According to Chapter 22, Section 1, Sub-section 1, A Member of the Board of Directors, a Member of the Supervisory Board and the Managing Director shall be liable in damages for the loss that he or she, in violation of the duty of care referred to in chapter 1, section 8, has in office deliberately or negligently caused to the company.

According to Chapter 22, Section 1, Sub-section 2, A Member of the Board of Directors, a Member of the Supervisory Board and the Managing Director shall likewise be liable in damages for the loss that he or she, in violation of other provisions of this Act or the Articles of Association, has in office deliberately or negligently caused to the company, a shareholder or a third party.

According to the Supreme Court case KKO 1997:110, even a deputy director may be liable for damages even when the deputy director did not participate in the decision-making, if he or she neglected the fiduciary duty e.g. by not disclosing to the board the essential factors related to the decision that he or she was aware of.

299 Directors’ Duties and Liability in the EU

As in scenario 1, but Director A discloses his interest in Target to the board of Bidder, and a majority of the uninterested directors approves the acquisition.

Director A is liable under Companies Act (Chapter 1, Section 8 as described in point 1).

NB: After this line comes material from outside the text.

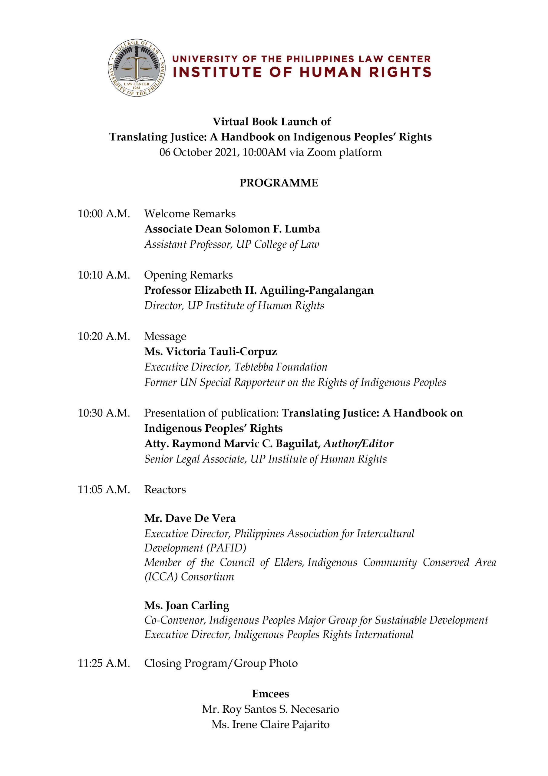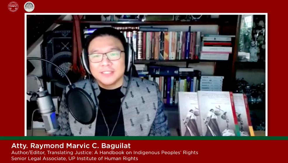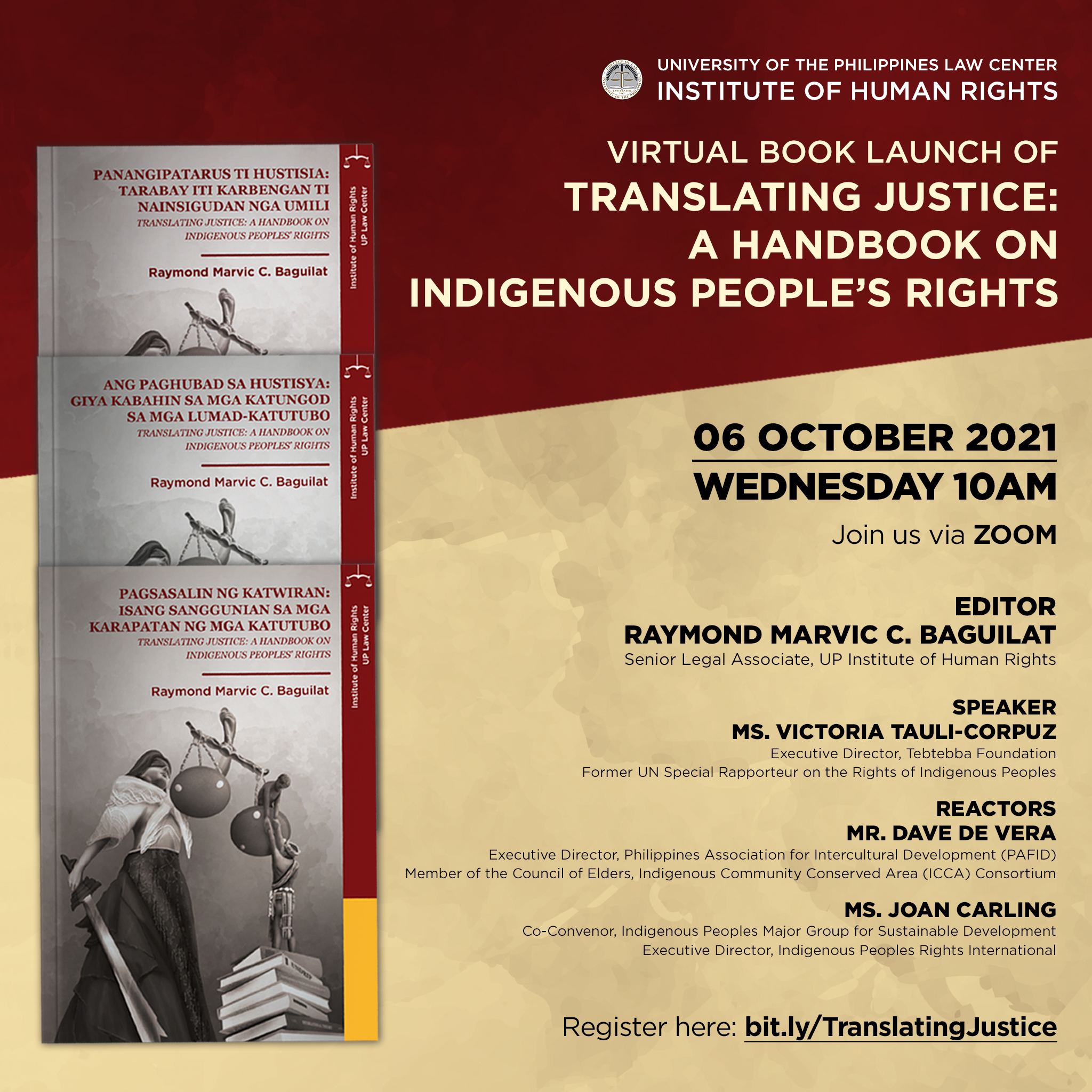 On 6 October 2021, the UP Institute of Human Rights (UP IHR), in celebration of the Indigenous Peoples Month, launched “Translating Justice: A Handbook on Indigenous Peoples’ Rights.” The book provides translations of the Indigenous People’s Rights Act of 1997 (IPRA, Republic Act No. 8371), United Nations Declaration on the Rights of Indigenous Peoples (UNDRIP), and the Implementing Rules and Regulations of the IPRA into Tagalog, Sugbuanon and Iloco. Tuwali Ifugao lawyer and IHR Senior Legal Associate Atty. Raymond Marvic Baguilat, spearheaded this initiative to help address existing legal gaps and the lack of access to justice of Indigenous Peoples throughout the country.

Also the above-mentioned Supreme Court case KKO 1997:110 shows that non-disclosure of essential factors may cause liability even when the director does not participate in the decision-making.

As in scenario 1, but when the shareholders of Bidder learn of A’s interest in Target, they ratify the transaction, believing that it is in the company’s interests.

Director A is liable under Companies Act (Chapter 1, Section 8 as described in point 1). Also the above-mentioned Supreme Court case KKO 1997:110 shows that non-disclosure of essential factors may cause liability even when the director does not participate in the decision-making. The ratification of the shareholders does not remove Director A’s duty to disclose his or her knowledge of the discrepancy between the purchase price and the value of the assets.

Director A is majority shareholder and managing director in a competitor of bidder (‘Rival’), which is also active in the mining business. The assets held by Target that Bidder seeks to acquire consist in claims near Rival’s own mining territories. Director A is of the opinion that the assets are more valuable for Rival than for Bidder. He therefore arranges for Rival to make a competing and higher offer than Bidder, and Target accordingly decides to sell the assets to the former company.

Director A is liable under Companies Act.

According to legal literature, competing action is forbidden due to duty of loyalty. Although the Companies Act contains no explicit provision on the duty of loyalty, legal literature agrees that it is part of duty or care (Chapter 1, Section 8). This is also stated in the Government Bill for the Act (HE 109/2005 page 79).

According to Chapter 6, Section 4 of the Companies Act A Member [of the Board of Directors] shall likewise be disqualified from the consideration of a matter pertaining to a contract between the company and a third party, if the Member is to derive an essential benefit in the matter and that benefit may be contrary to the interests of the company. The provisions in this section on a contract apply correspondingly to other transactions and court proceedings.

According to Chapter 1, Section 8 The management of the company shall act with due care and promote the interests of the company. (It should be noted that the law includes the board of directors under the definition of management).

According to Chapter 22, Section 1, Sub-section 1, A Member of the Board of Directors, a Member of the Supervisory Board and the Managing Director shall be liable in damages for the loss that he or she, in violation of the duty of care referred to in chapter 1, section 8, has in office deliberately or negligently caused to the company.